Internet-Drafts are draft documents valid for a maximum of six months and may be updated, replaced, or obsoleted by other documents at any time. It is inappropriate to use Internet-Drafts as reference material or to cite them other than as "work in progress."

This Internet-Draft will expire on 21 December 2026.

Table of Contents

1. Introduction

The RPKI relies on digital signatures in resource certificates, CRLs, certification requests, and CMS signed objects such as manifests and Route Origin Authorizations (ROAs). The deployed RPKI algorithm profile is based on RSA with SHA-256. A Cryptographically Relevant Quantum Computer (CRQC) would invalidate the long-term security assumptions of RSA signatures. RPKI therefore needs an algorithm migration path that can be tested before an emergency transition is required.

The design goal of this document is conservative. RPKI already has a well-defined architecture, repository system, validation procedure, and router interface. This document keeps those layers intact. PQC processing is introduced at the Certification Authority (CA), repository, CMS signed object, and Relying Party (RP) validation layers. Routers that consume Validated ROA Payloads (VRPs) through the RPKI-Router Protocol (RTR) or local files are not expected to process PQC signatures directly.

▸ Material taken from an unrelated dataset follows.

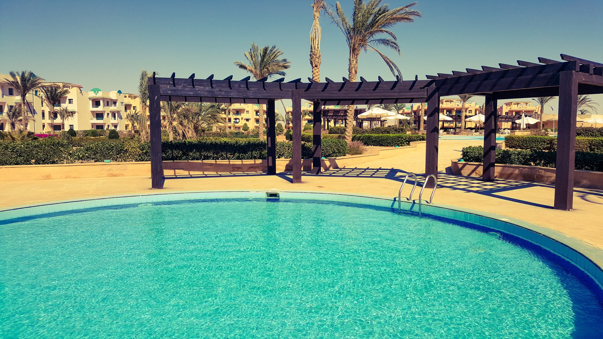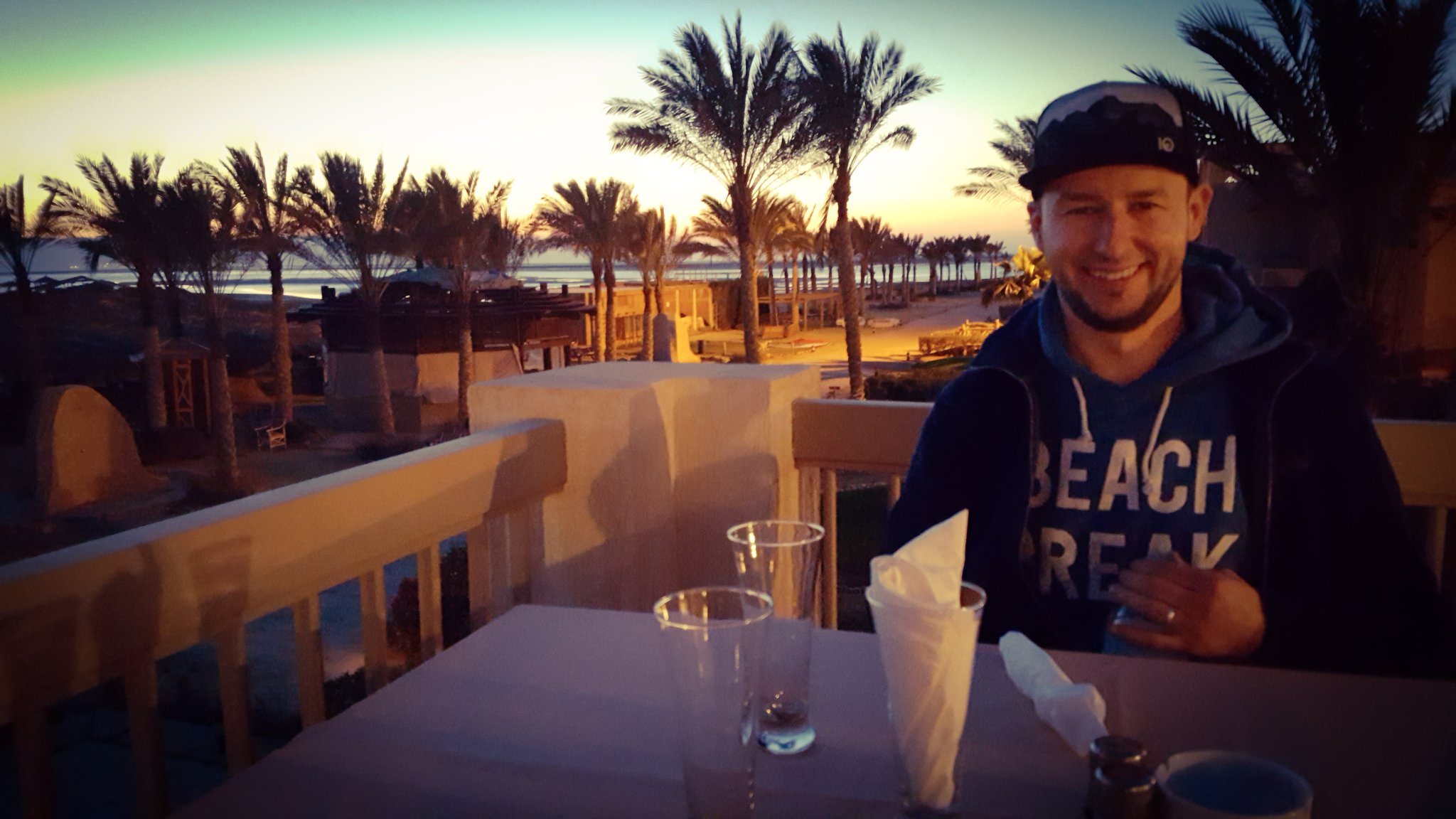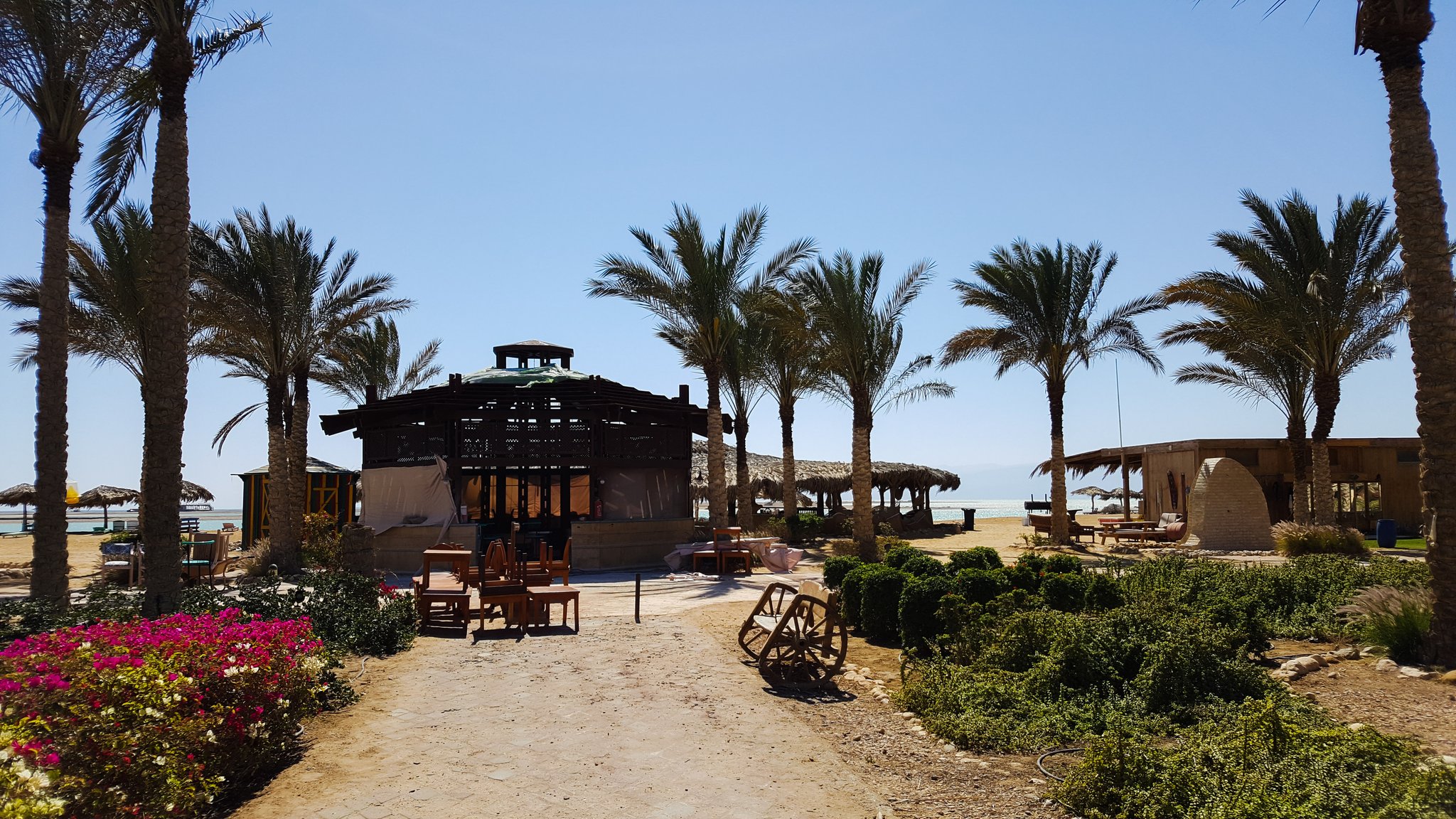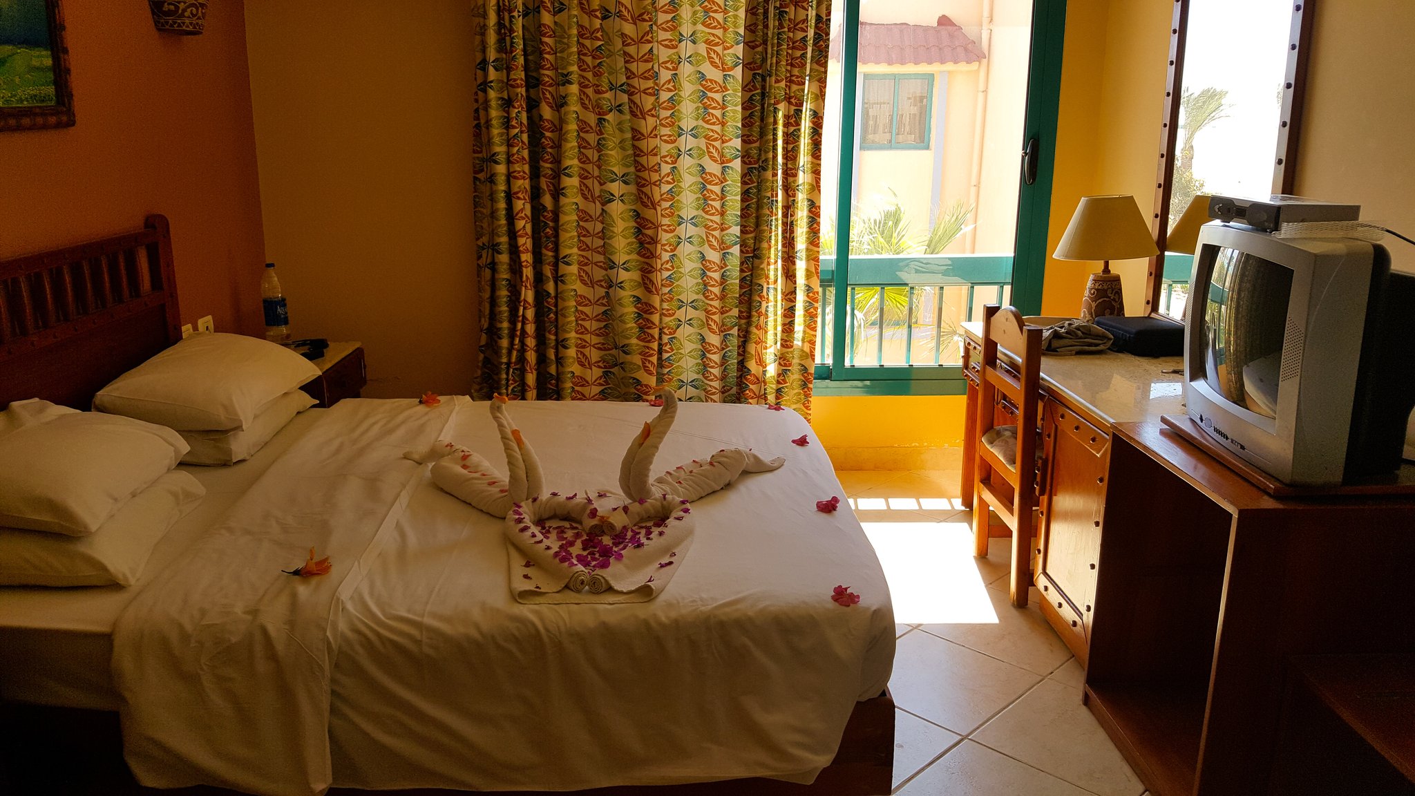 Speaking about beach holidays in Egypt, mass tourism, crowded beaches and German-speaking staff comes quickly to ones mind. Not here in Green Sudr Hotel, 30 KM behind the city of Ras Sudr, three hours from Cairo. Like all hotels along the Sinai beach strip, also our Resort is located in the middle of nowhere - or let's rather say it is surrounded by sand. The resorts to the left and right haven't opened for this season and with their forgotten construction sides it looks like ghost-towns. Seriously, there is not even a kiosk selling water outside the hotel walls... However, the hotel is as big as a village and offers everything. Green Sudr consists out of 12 buildings with 6 rooms each. A spa-building, reception hall, beach restaurant, 2 pools, a football field and a café. It is still off-season here, maybe thats why we are the only ones here. We ask the hotel staff about tourists and their answer is quite sad: even in summer season from April - November the international guests stay away due to misleading images that media creates about Sinai. However, there are some expats and Egyptian tourists coming from Cairo. But this time, it happens that Tobias and I are the only guests. 12 buildings and 15 employees only for us :) feels like king & queen. At night, it's only the guard and us. We get the best treatment possible, they offered to clean our room twice a day (we did not accept), they call our room-telephone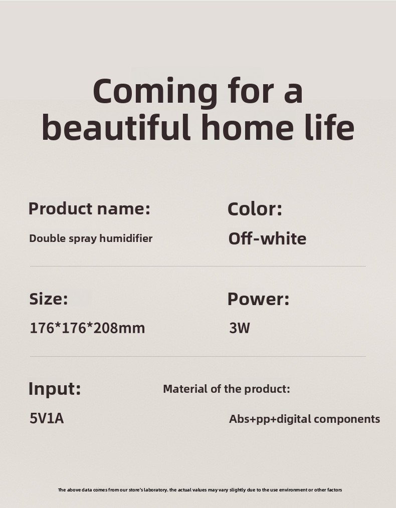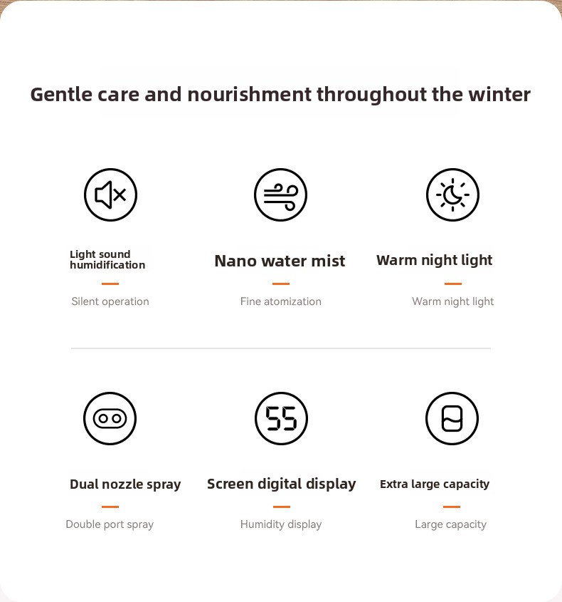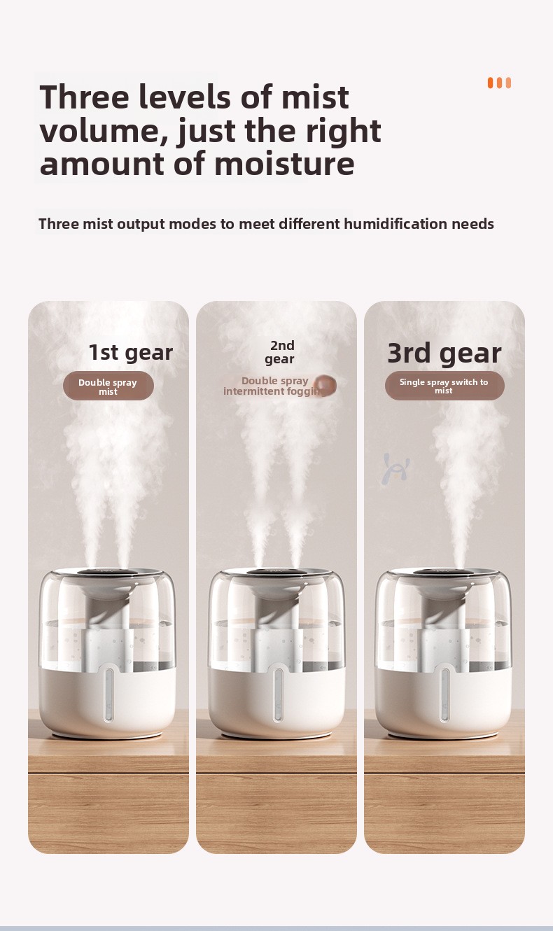Dual Spray: Double mist output (100ml/h) for efficient humidification.

This revision is intended as a SIDROPS starting point. It deliberately separates the protocol profile from the transition timetable and from the implementation evidence. Where this document uses terms such as "candidate" or "evaluation", the text is identifying open engineering questions rather than declaring the final global RPKI migration plan.

2. Requirements Language

The key words "MUST", "MUST NOT", "REQUIRED", "SHALL", "SHALL NOT", "SHOULD", "SHOULD NOT", "RECOMMENDED", "NOT RECOMMENDED", "MAY", and "OPTIONAL" in this document are to be interpreted as described in BCP 14 [BCP14] when, and only when, they appear in all capitals, as shown here.

3. Terminology

This document uses the terminology of the RPKI architecture [RFC6480], the resource certificate profile [RFC6487], the RPKI signed object template [RFC6488], the RPKI algorithm agility procedure [RFC6916], and the RPKI algorithm profile [RFC7935].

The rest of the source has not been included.